ITPに対する最もシンプルな対策は、Googleを活用することです。Googleアナリティクスを使用すれば、WebサイトにGoogle Analyticsタグをインストールできます。アカウントとタグを正しく設定していれば、AdWordsコンバージョントラッキングタグでGoogleアナリティクスのcookieを使用できるようになります。また、Googleタグマネージャを使用すると、ページ上のコードを変更することなく、Webサイトにタグをすばやく配置、更新できます。

ITPの今後の展望

ITPは、Appleの英断ともいえます。ユーザのプライバシーを向上させるために、「広告主との軋轢を厭わない」という姿勢は称賛に値するかもしれません。GoogleもChrome向けの広告ブロッカーを発表していますが、こちらは広告業界と提携して作成されているため、ビデオやオーディオの自動再生、画面全体を占めるインタースティシャル広告など、侵入型の広告と分類するものだけを対象にしています。

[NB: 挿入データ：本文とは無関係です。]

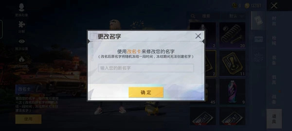 4、最后点开改名道具,填写好你想修改的名字,最后点击确定就可以修改成功了。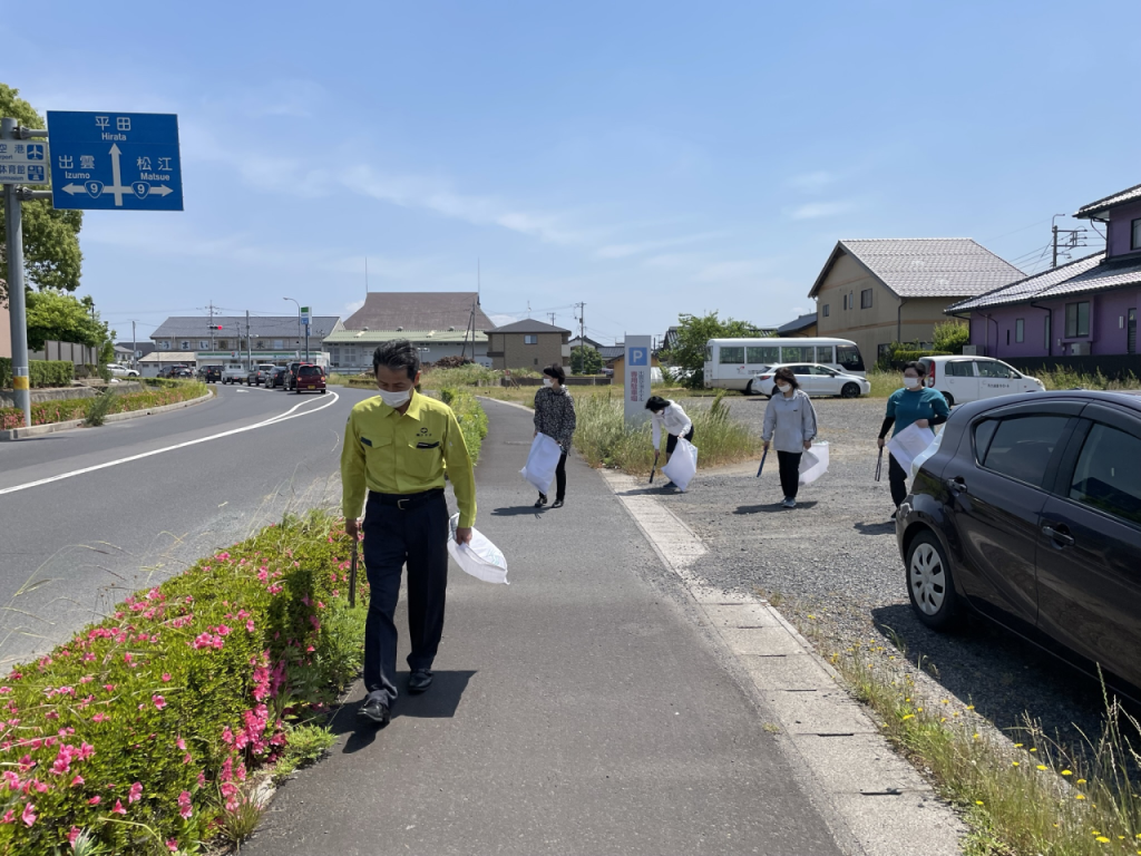 また、「出雲市美化サポートクラブ」の一環として市道新川中央線(国道9号~美幸町交差点)の路肩ゴミ拾いを行いました

いずれにせよ、これまでの広告のあり方を再考する時代が到来していることは明らかです。今後は、ユーザと広告主の「利益のバランス」をとった機能がリリースされていくことも期待されます。こういった機能の動向を注視していくことが大切です。

広告モデルを再検討する段階に

ITPに限らず、ユーザの個人情報を活用したサービスは、今後もいろいろと制限が加えられていく可能性があります。個人情報保護の強化が進む現在では、ユーザログだけを頼りにしない、新しい広告配信の仕組みを模索していく必要があります。